From the 1990s on things got complicated. We started making EAD and MARC records for archival collections. We started digitizing parts of those collections and creating Dublin Core records and sometimes TEI for the digital objects. We created and stored library metadata in relational databases (MySQL), METS, MODS, and even flat HTML. As library metadata standards proliferated, so too did the systems we used the create, manage, and store that metadata.

Now, we have an ILS for managing MARC-based catalog records, ArchivesSpace for managing more detailed descriptions of manuscript collections, a Fedora (Hydra) repository for managing digital objects, CONTENTdm for managing some other digital objects, and lots of little intermediary descriptive tools (spreadsheets, databases, etc.). Each of these systems stores library metadata in a different format and in varying levels of detail.

So what’s the problem and what are we doing about it?

The variety of metadata standards and systems isn’t the problem. What is the problem–a very painful and time-consuming problem–is having to maintain and reconcile description of the same thing (a manuscript, a folder of letters, an image, an audio file, etc.) across all these disparate metadata formats and systems.

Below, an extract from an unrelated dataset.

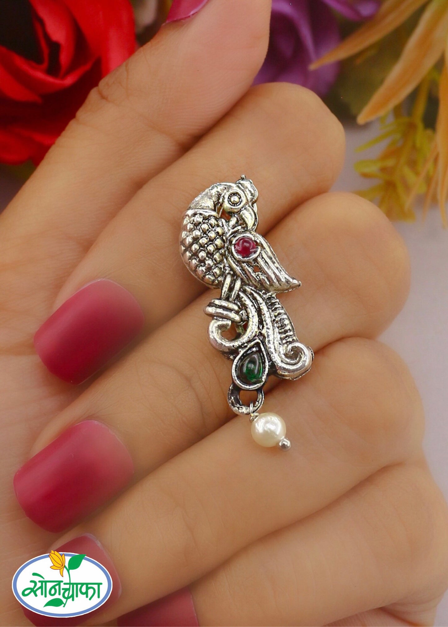 This adorable peacock inspired Oxidised nath from Sonchafa Jewellery for our trendy look. It is wonderfully crafted with oxidized finish metal along with studded pink, green colour stone. This nath pressing nose ring has peacock design for classy look.

It’s a metadata synchronization problem and it’s a big one.

For the past four months or so, a group of archivists and developers here in the library have been meeting regularly to brainstorm ways to solve or at least help alleviate some of our metadata synchronization problems. We’ve been calling our group “The Synchronizers.”

What have The Synchronizers been up to? Well, so far we’ve been trying to tackle two pieces of the synchronization conundrum:

Problem 1 (the big one): Keeping metadata for special collections materials in sync across ArchivesSpace, the digitization process, and our Hydra repository.

Ideally, we’d like to re-purpose metadata from ArchivesSpace to facilitate the digitization process and also keep that metadata in sync as items are digitized, described more fully, and ingested into our Hydra repository. Fortunately, we’re not the only library trying to tackle this problem. For more on AS/Hydra integration, see the work of the Hydra Archivists Interest Group.

Below are a couple of rough sketches we drafted to start thinking about this problem at Duke.

AS_Hydra_diagram — Hydra / ArchivesSpace Integration Sketch, take 1

sychronizers_will — Hydra / ArchivesSpace Integration Sketch, take 2

In addition to these systems integration diagrams, I’ve been working on some basic tools (scripts) that address two small pieces of this larger problem:

A script to auto-generate digitization guides by extracting metadata from ArchivesSpace-generated EAD files (digitization guides are simply spreadsheets we use to keep track of what we digitize and to assign identifiers to digital objects and files during the digitization process).
A script that uses a completed digitization guide to batch-create digital object records in ArchivesSpace and at the same time link those digital objects to the descriptions of the physical items (the archival object records in ArchivesSpace-speak). Special thanks to Dallas Pillen at the University of Michigan for doing most of the heavy lifting on this script.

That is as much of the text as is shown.